▶ Input for this task:

——

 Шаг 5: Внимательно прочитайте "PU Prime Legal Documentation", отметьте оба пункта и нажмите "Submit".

——

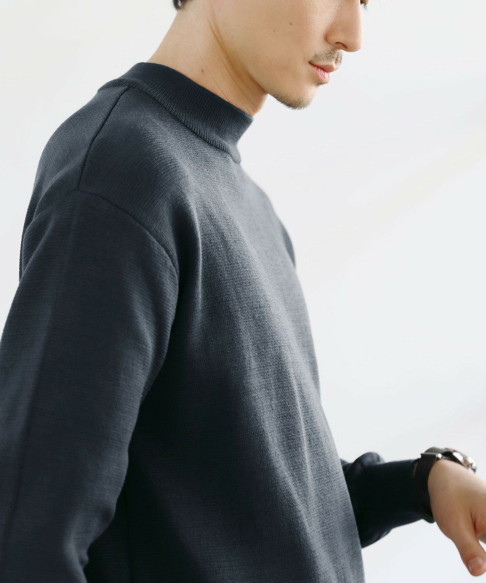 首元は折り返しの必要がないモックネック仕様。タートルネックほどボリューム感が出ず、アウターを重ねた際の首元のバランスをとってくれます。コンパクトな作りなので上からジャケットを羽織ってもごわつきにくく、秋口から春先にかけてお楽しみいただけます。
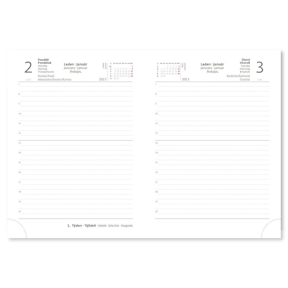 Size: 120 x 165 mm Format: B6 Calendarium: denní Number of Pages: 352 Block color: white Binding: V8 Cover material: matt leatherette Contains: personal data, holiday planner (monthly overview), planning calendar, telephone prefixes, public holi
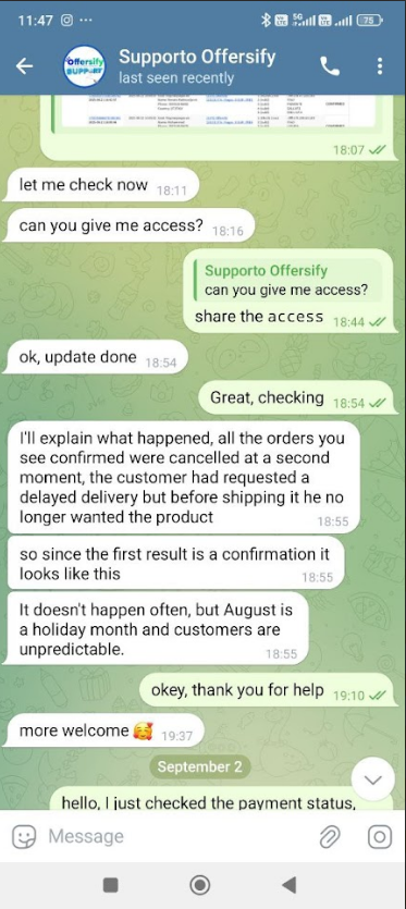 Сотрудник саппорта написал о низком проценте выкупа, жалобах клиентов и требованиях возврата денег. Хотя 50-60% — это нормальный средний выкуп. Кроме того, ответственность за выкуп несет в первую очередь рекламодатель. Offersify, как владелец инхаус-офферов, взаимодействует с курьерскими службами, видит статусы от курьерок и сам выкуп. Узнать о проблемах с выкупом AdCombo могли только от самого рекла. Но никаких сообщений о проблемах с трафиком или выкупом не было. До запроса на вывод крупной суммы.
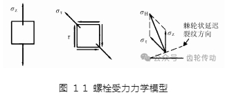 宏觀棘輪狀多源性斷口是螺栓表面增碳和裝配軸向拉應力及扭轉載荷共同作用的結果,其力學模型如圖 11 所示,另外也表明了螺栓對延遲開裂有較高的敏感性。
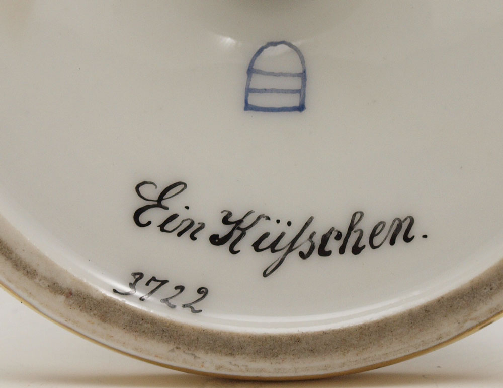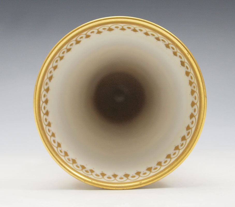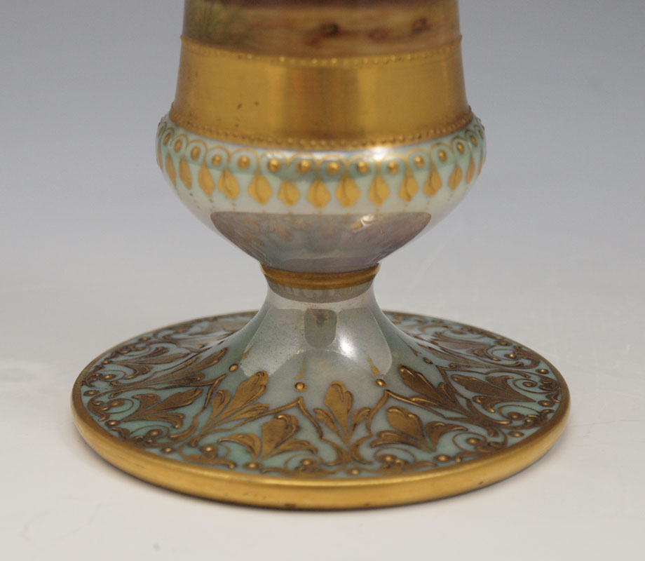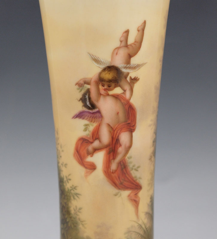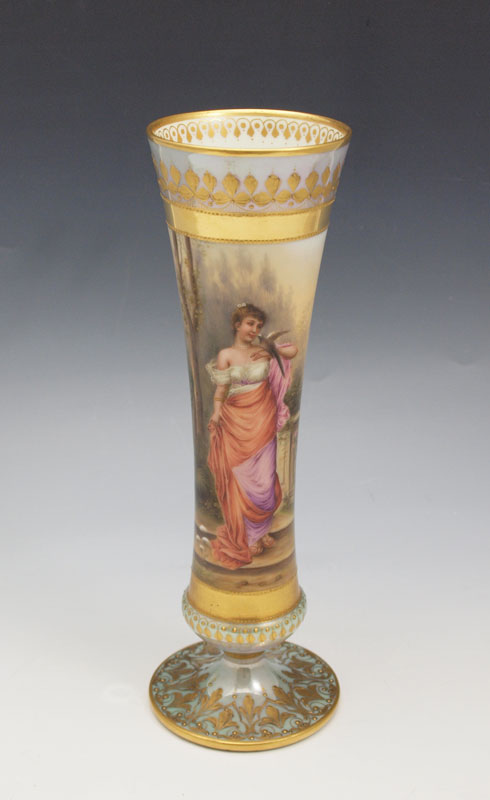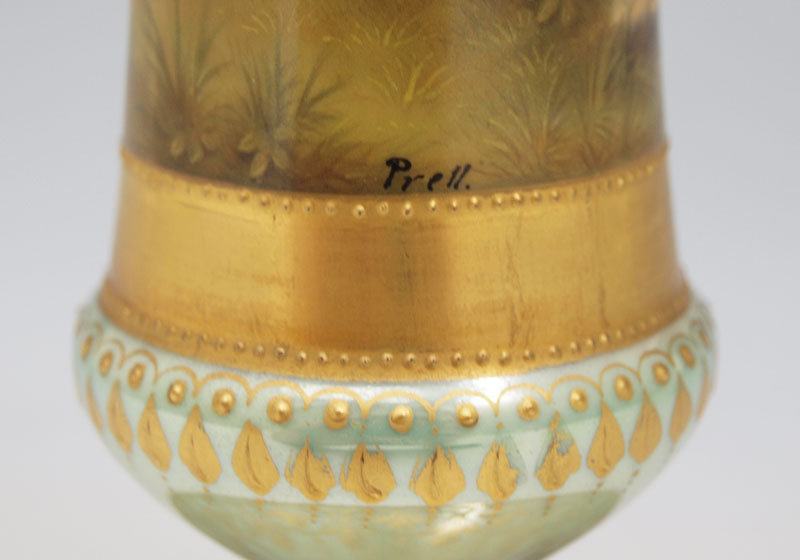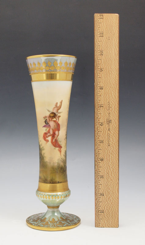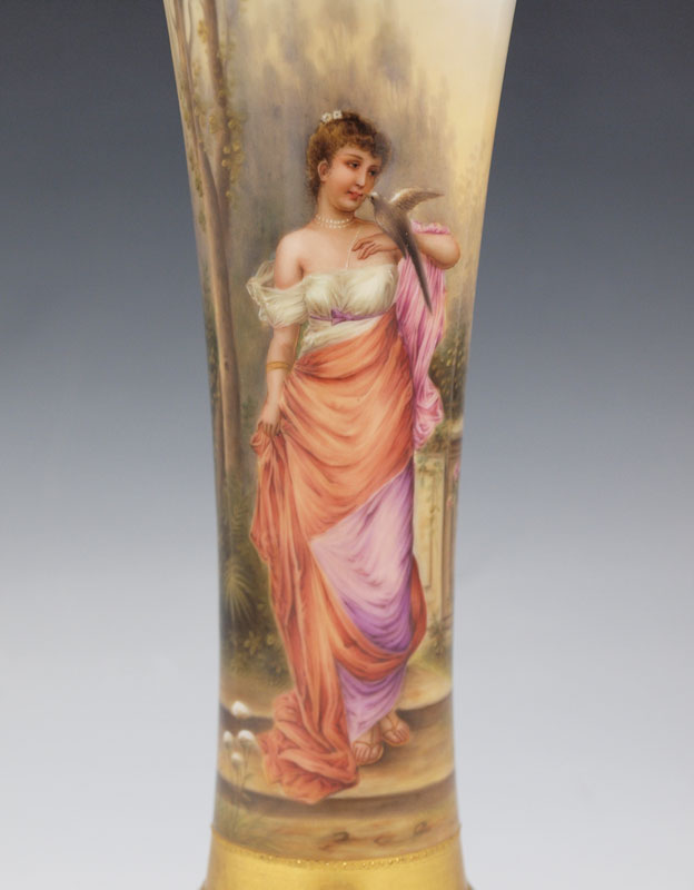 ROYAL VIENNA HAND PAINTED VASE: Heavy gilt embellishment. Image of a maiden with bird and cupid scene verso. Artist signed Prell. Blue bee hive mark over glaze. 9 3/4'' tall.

——

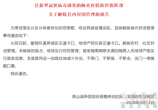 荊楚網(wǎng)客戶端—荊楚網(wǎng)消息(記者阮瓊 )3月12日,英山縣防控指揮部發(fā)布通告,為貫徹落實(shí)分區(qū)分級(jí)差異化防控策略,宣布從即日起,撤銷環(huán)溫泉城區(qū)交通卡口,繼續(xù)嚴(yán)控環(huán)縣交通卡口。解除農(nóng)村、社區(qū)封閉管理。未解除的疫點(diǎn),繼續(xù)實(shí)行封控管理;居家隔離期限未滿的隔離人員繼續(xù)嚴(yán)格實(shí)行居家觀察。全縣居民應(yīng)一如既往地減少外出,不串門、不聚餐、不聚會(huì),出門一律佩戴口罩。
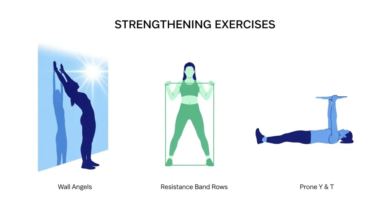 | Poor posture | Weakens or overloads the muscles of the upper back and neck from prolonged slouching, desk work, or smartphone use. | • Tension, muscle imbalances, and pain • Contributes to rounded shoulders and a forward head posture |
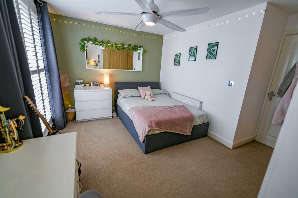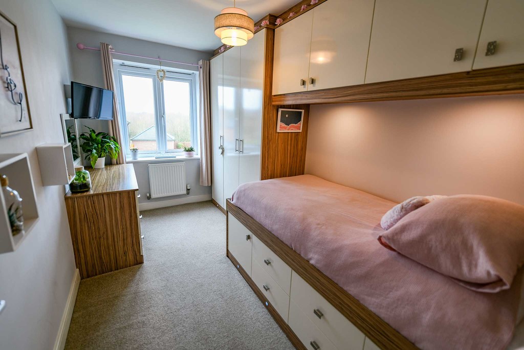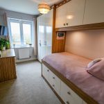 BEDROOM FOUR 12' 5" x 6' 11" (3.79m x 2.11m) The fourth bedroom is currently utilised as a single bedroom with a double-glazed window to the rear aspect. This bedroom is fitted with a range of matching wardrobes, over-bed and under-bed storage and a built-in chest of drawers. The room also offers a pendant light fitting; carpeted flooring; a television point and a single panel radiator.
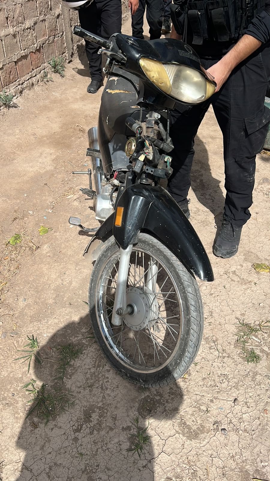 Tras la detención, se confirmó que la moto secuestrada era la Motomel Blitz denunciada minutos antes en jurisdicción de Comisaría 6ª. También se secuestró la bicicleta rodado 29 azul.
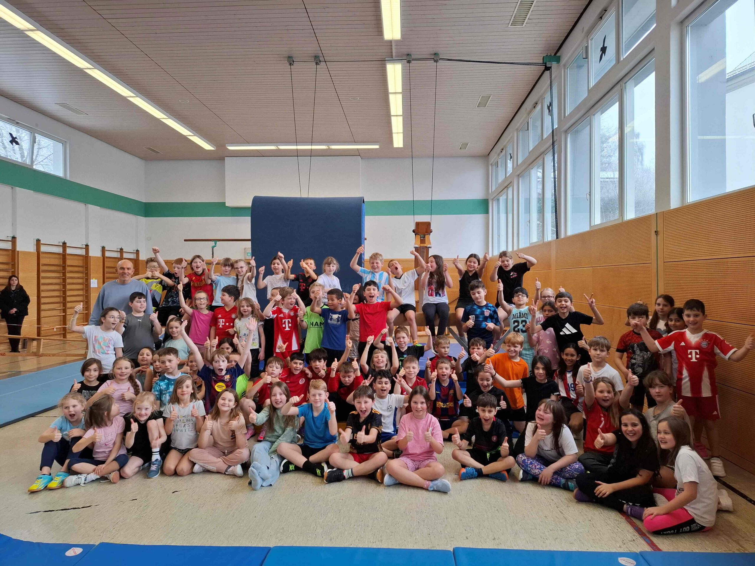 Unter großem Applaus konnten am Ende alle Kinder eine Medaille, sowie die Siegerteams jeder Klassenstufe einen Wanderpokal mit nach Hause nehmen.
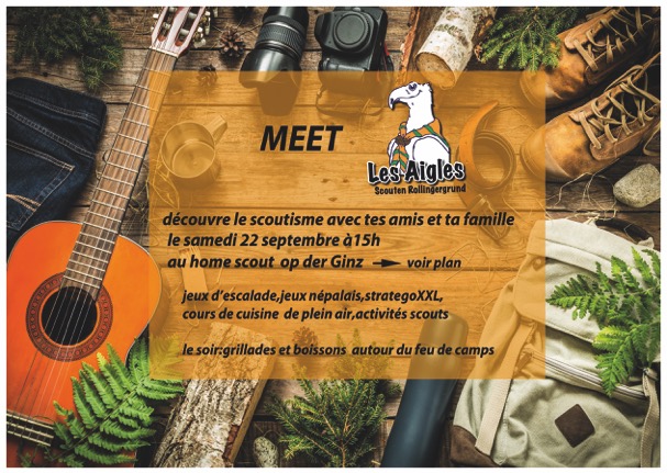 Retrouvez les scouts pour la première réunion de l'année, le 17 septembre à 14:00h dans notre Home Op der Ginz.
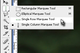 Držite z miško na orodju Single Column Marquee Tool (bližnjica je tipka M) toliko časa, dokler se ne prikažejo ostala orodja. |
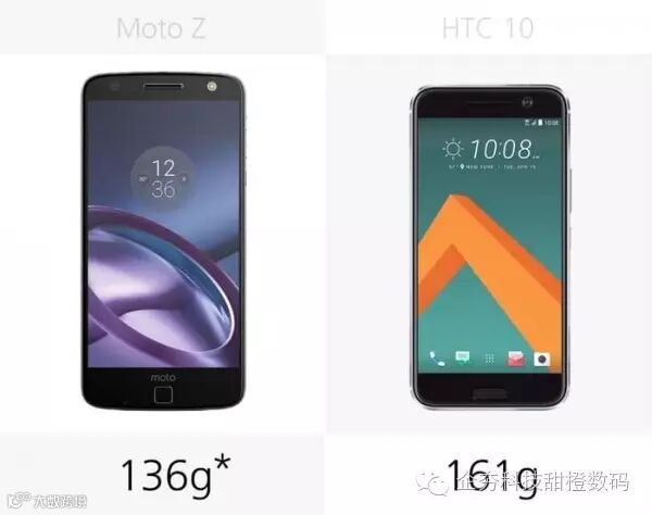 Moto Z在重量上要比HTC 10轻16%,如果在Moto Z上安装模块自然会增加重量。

——

▶ Work to be completed: Only the lines above starting with the line with "Retrouvez les scouts" and going on through the line with "Moto Z在重量上要比HTC 10轻16%,如果在Moto" belong in the answer; repeat them exactly, minus any picture.

▶ Completed task:
 Retrouvez les scouts pour la première réunion de l'année, le 17 septembre à 14:00h dans notre Home Op der Ginz.
 Držite z miško na orodju Single Column Marquee Tool (bližnjica je tipka M) toliko časa, dokler se ne prikažejo ostala orodja. |
 Moto Z在重量上要比HTC 10轻16%,如果在Moto Z上安装模块自然会增加重量。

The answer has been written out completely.